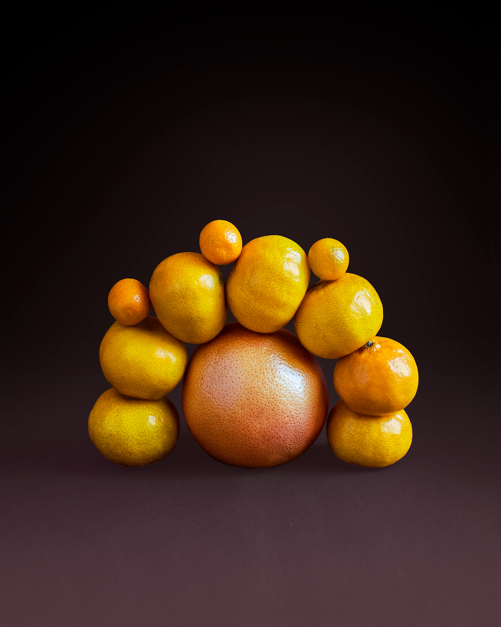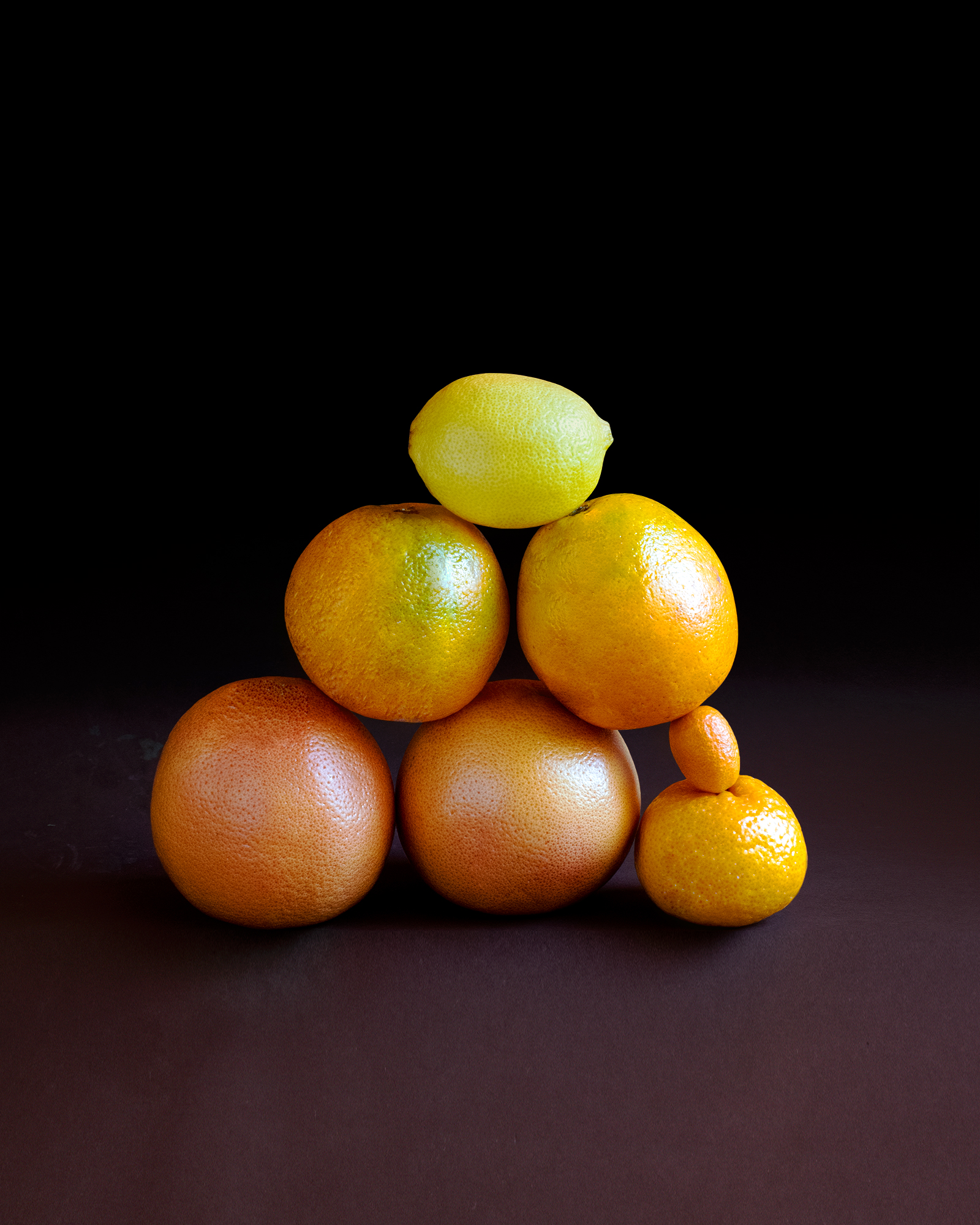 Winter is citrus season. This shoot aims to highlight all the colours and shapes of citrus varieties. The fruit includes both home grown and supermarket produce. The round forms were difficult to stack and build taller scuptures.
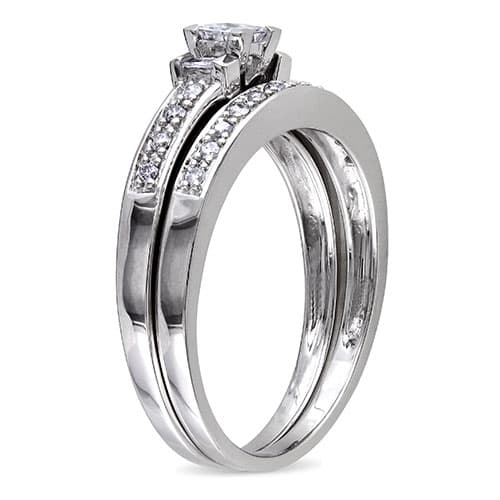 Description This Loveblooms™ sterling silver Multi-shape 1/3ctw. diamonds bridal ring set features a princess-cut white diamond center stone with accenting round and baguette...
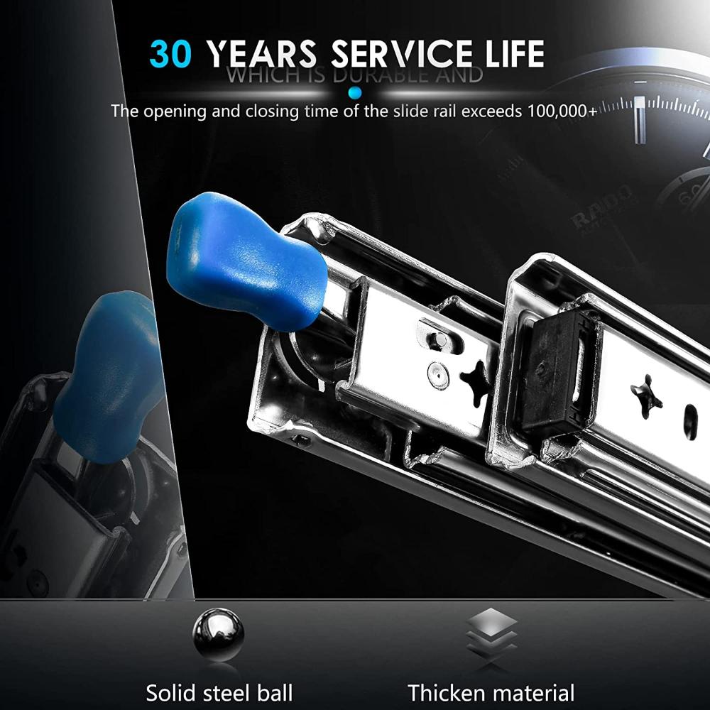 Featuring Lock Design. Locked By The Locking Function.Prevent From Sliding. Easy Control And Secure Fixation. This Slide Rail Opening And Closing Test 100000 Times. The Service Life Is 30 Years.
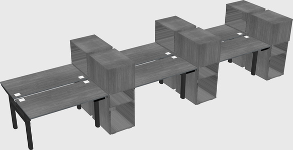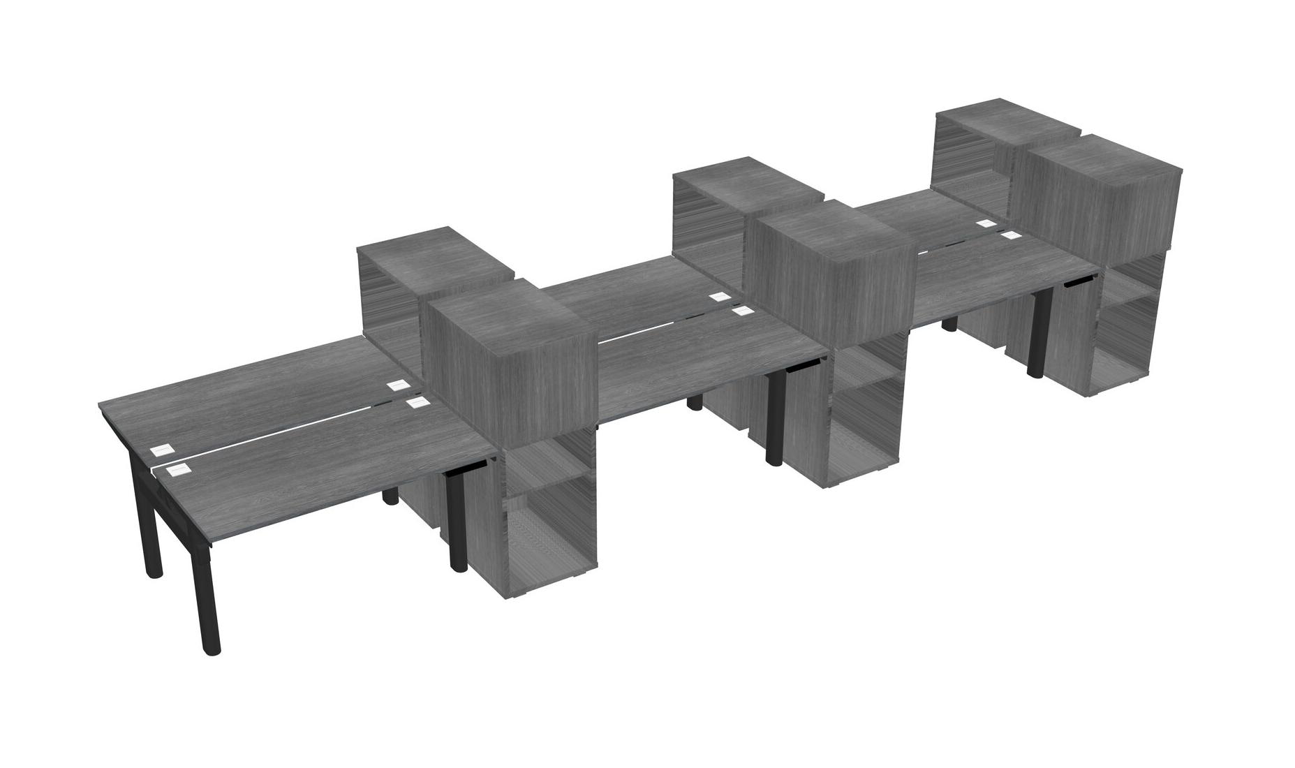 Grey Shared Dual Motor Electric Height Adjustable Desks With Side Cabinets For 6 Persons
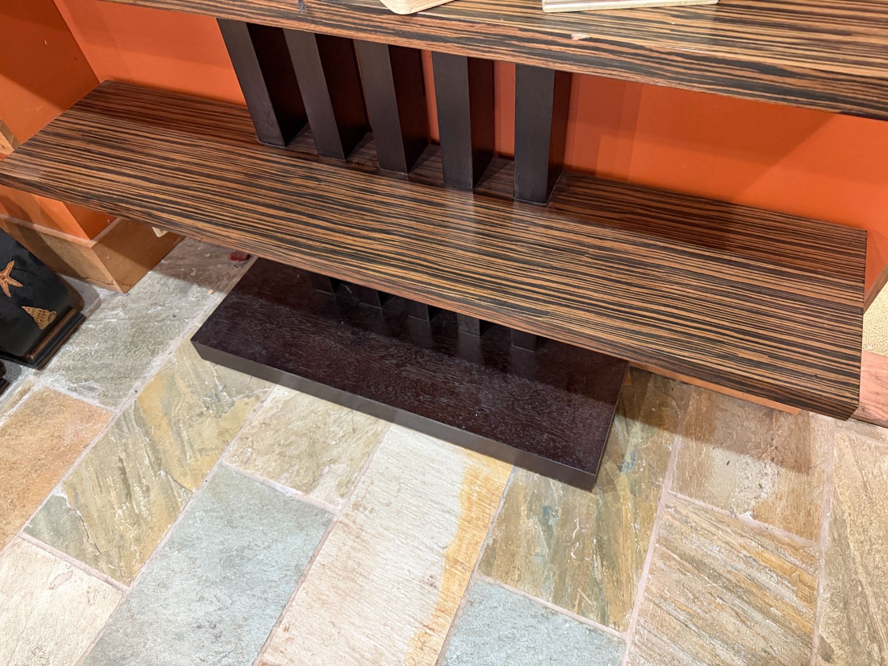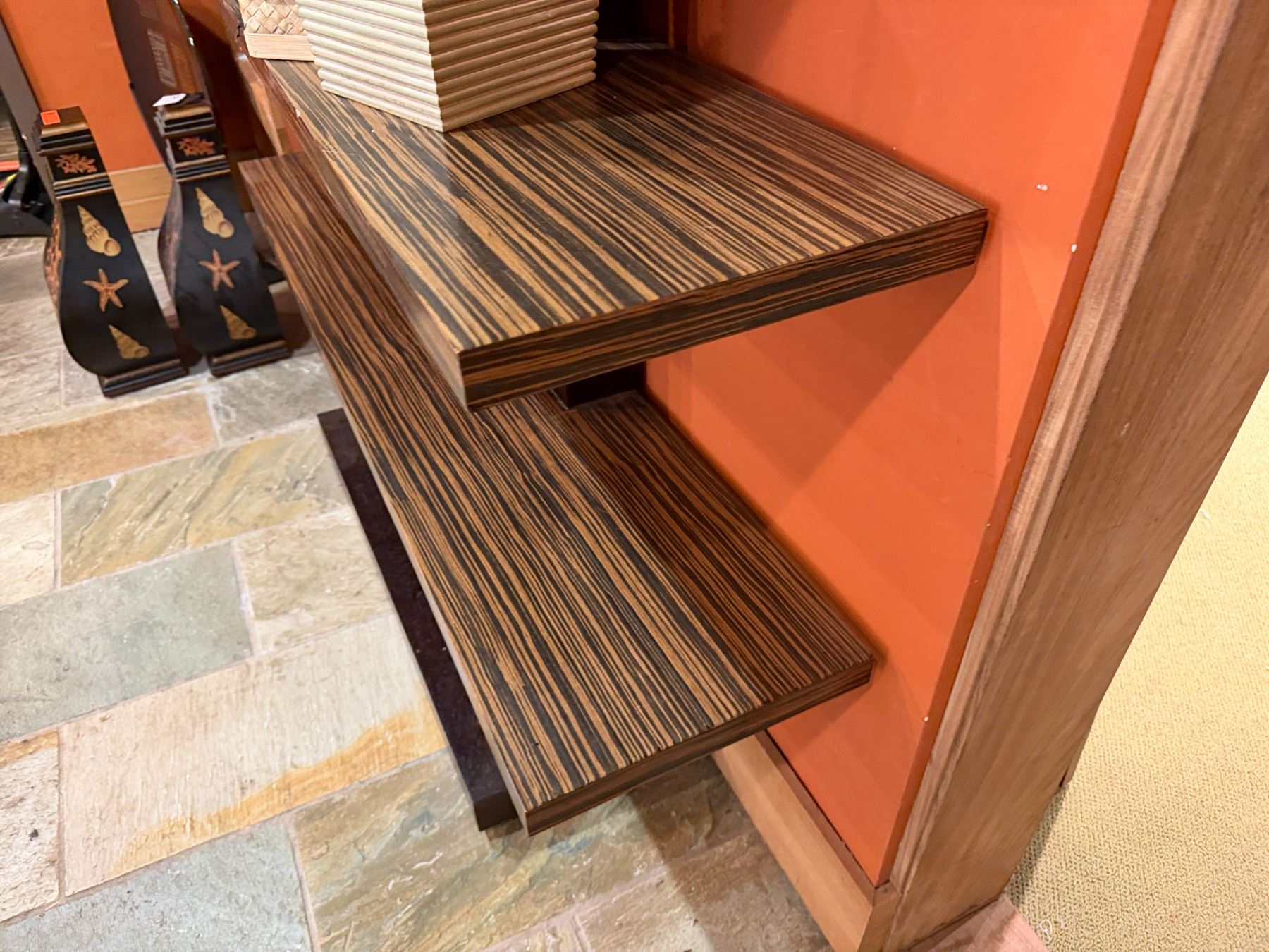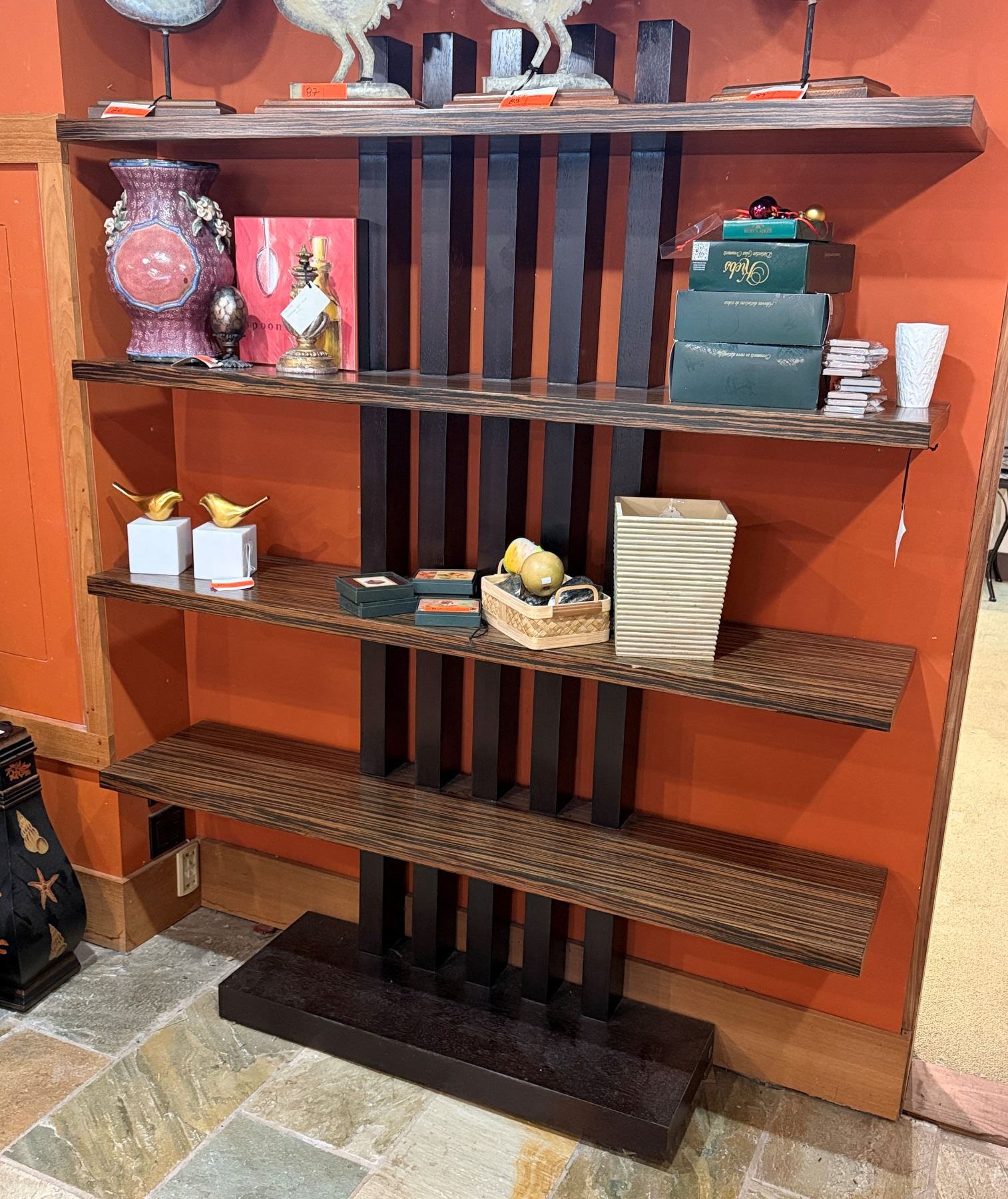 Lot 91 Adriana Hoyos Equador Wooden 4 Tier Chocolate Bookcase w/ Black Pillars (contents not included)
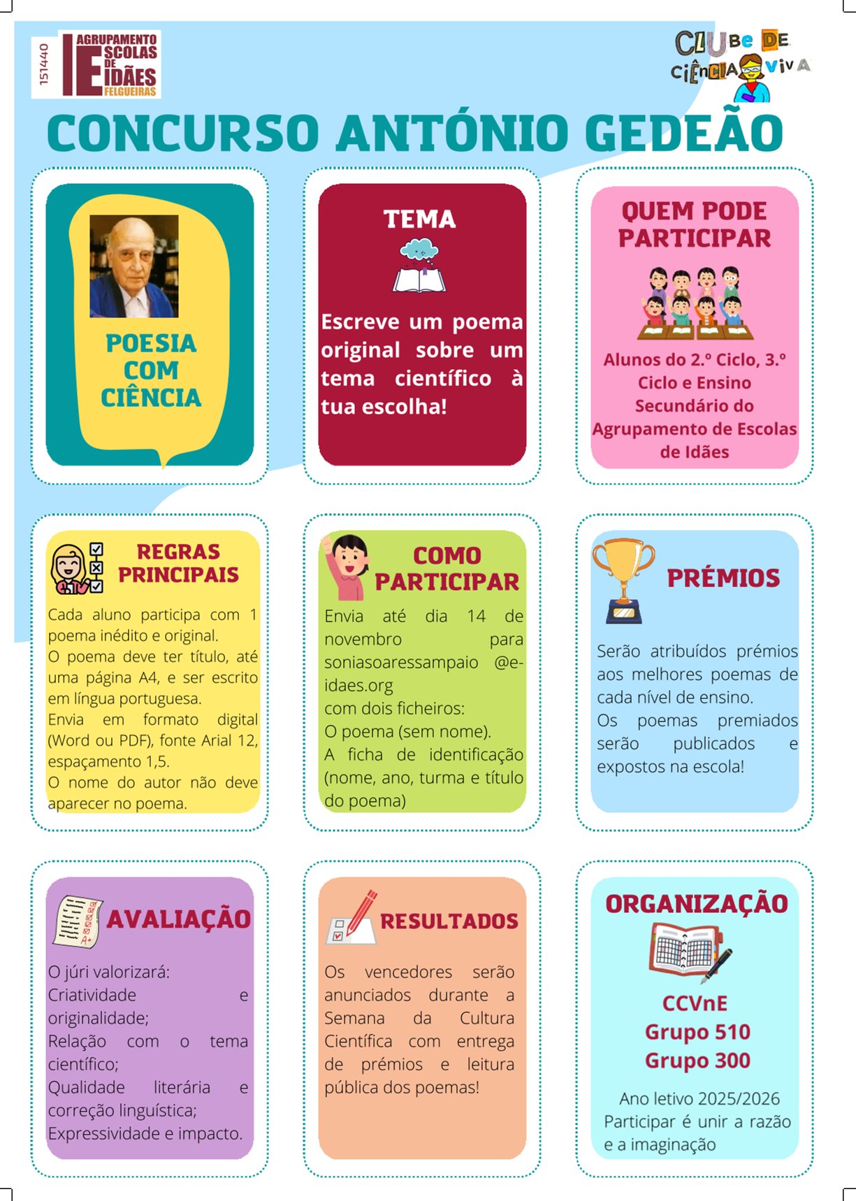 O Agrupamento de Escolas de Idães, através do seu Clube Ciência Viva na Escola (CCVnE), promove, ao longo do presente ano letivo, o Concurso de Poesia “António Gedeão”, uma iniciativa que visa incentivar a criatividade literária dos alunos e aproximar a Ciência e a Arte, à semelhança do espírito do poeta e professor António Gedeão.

::::

-- What is expected --
Where a picture appears in the records above, omit it, and transcribe exactly the stretch of lines from the one with "Featuring Lock Design." through the one with "Lot 91 Adriana".

-- Reply --
 Featuring Lock Design. Locked By The Locking Function.Prevent From Sliding. Easy Control And Secure Fixation. This Slide Rail Opening And Closing Test 100000 Times. The Service Life Is 30 Years.
 Grey Shared Dual Motor Electric Height Adjustable Desks With Side Cabinets For 6 Persons
 Lot 91 Adriana Hoyos Equador Wooden 4 Tier Chocolate Bookcase w/ Black Pillars (contents not included)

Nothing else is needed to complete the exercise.